Yohannes Abraham, executive director of Biden’s transition, said Friday that while it is receiving cooperation from officials in several agencies, the Pentagon was among several “pockets of intransigence” hampering the president-elect’s team.
The comment came after acting defense secretary Chris Miller abruptly halted all briefings for the incoming administration and announced a “holiday pause” beginning Saturday.
...[S]ome governors complain of vaccine shortages and lawmakers haggle over attempts to claw back the Federal Reserve’s emergency lending powers shortly before Biden takes over. The Treasury Department has already pulled the plug on some of the Fed programs, returning money Biden would’ve been able to use to prime the economy.
Trump’s suggestion that he may run for office again gives him a personal stake in seeing Biden fail. He will waste no time highlighting any stumbles by his successor, aides said. He is looking to begin campaigning in earnest soon and is likely to criticize Biden daily-- a break from previous presidents who have at least temporarily stayed out of the fray.
“I think Trump is trying to seed the landscape with land mines,” said Chris Whipple, author of “The Spymasters” a book about the CIA. “He’s going to make the transition as painful as possible for Biden at every turn.”

According to Bloomberg News' Jonathan Bernstein, one thing that worked out well enough, because of Trump's complete disinterest in governing, was a foolish Trumpanzee priority in the pandemic relief and stimulus bill-- the 3 martini lunch deduction-- which Democrats let the GOP get away with in return for expanding tax credits for low income families and the working poor in the final package.
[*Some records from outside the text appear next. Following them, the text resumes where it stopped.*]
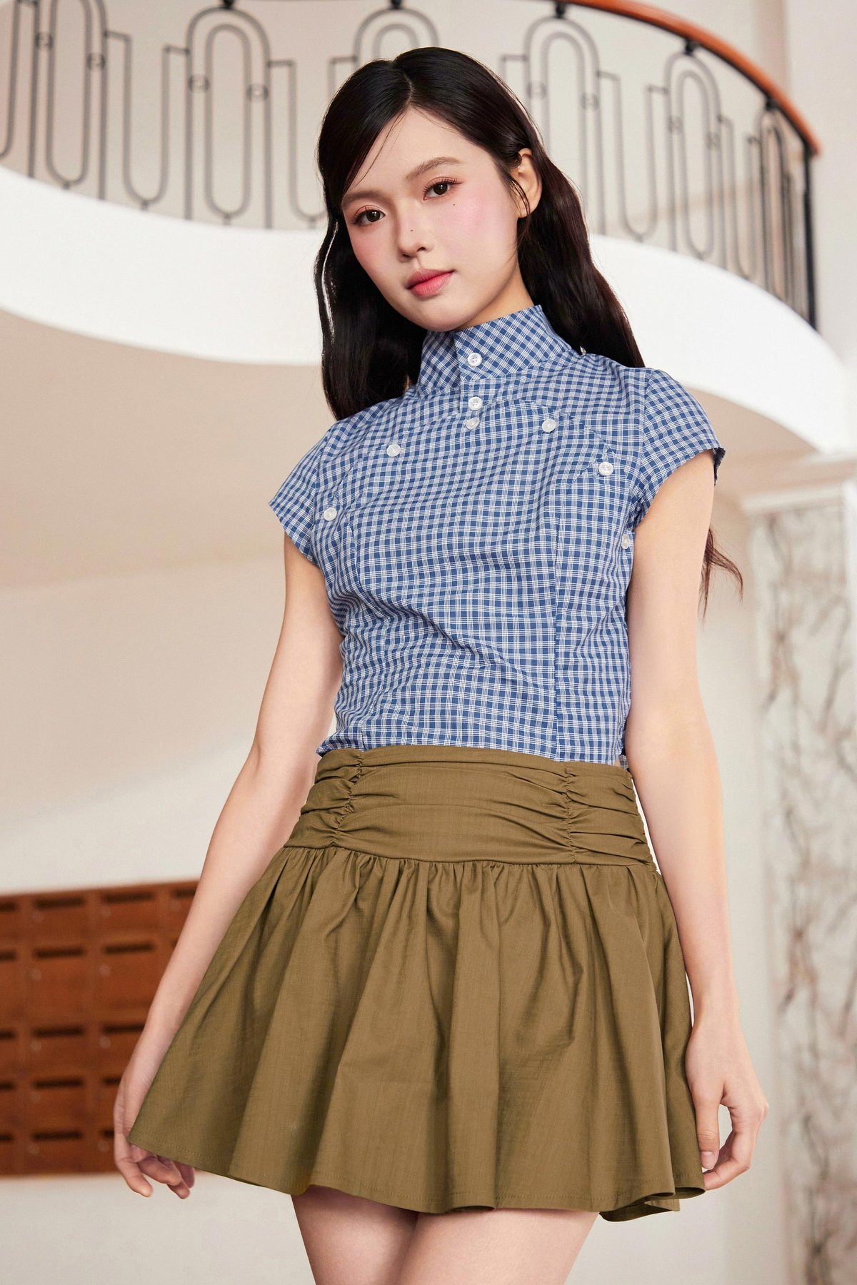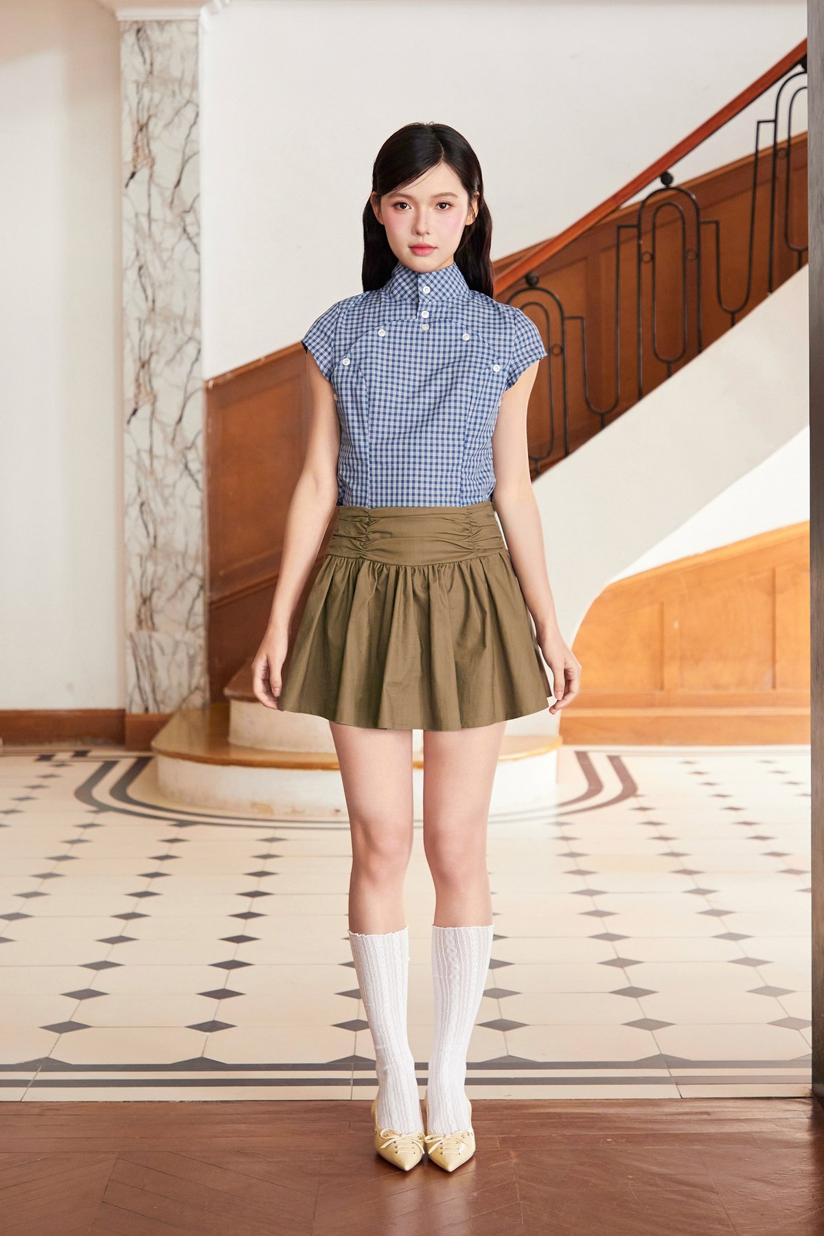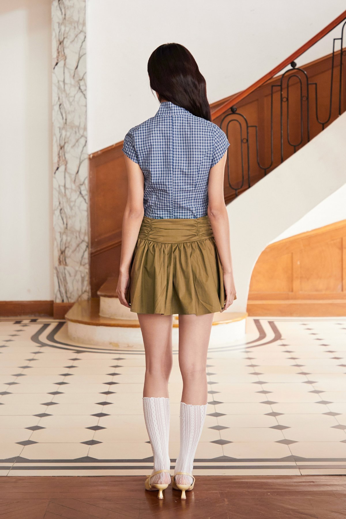 Skorts with a built-in shorts lining, designed with ruching details and a drop-waist silhouette. Finished with a flared hem and a side concealed zipper for a clean fit.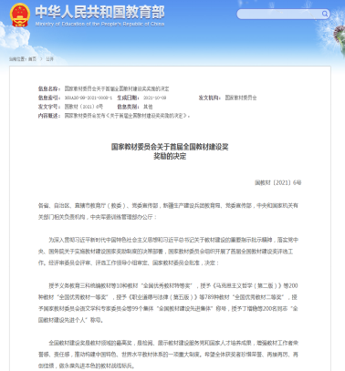 据悉,全国教材建设奖由国家教材委员会主办、教育部承办,每4年评选一次,是国家教材领域的最高奖,是检阅、展示教材建设服务党和国家人才培养成果,增强教材工作者荣誉感、责任感,推动构建中国特色、世界水平教材体系的一项重大制度。旨在深入贯彻落实习近平总书记关于教材建设的重要指示批示精神,展示党的十八大以来我国教材建设取得的重大成就,促进教材建设,提高教材质量。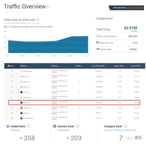 通过Similarweb的数据(2020年7月份)来看,网站月均流量在6千万(应该是PV),其中UV至少有4千万以上,意味着每天至少有100万的独立访客来网站。SHEIN全球排名358(Aleax :544),时装分类排名第7,排在优衣库和GAP的前面,互联网后浪有追赶前浪的趋势;网站跳出率不到40%,其中网站停留时间10分钟左右,平均每个访客浏览页面9个,间接可以说明其网站的内容吸引度和丰富度,由于SHEIN有快速上新的优势,海量的SKU让用户来SHEIN有点像逛街一样寻找时尚趋势和灵感,流量精准的情况下跳出率肯定很低。

Bernstein wrote that Señor T told Mnuchin that "he didn’t much care what was in the bill as long as it included this provision. (And surely it’s a coincidence that restoring this deduction will once again subsidize high-priced establishments such as those Trump owns.) I’d be very surprised if congressional Republicans would’ve made this deal on their own. As for the Democrats? This particular log-roll seems like a big win for them. The business deduction may be lousy policy and a subsidy for the rich, but it’s relatively harmless overall-- and liberal policy experts are thrilled with what they got in return. So it’s a win for Trump, a win for Democrats and a loss for congressional Republicans. If there’s been a deal with any similar configuration over the past four years, I can’t think of it.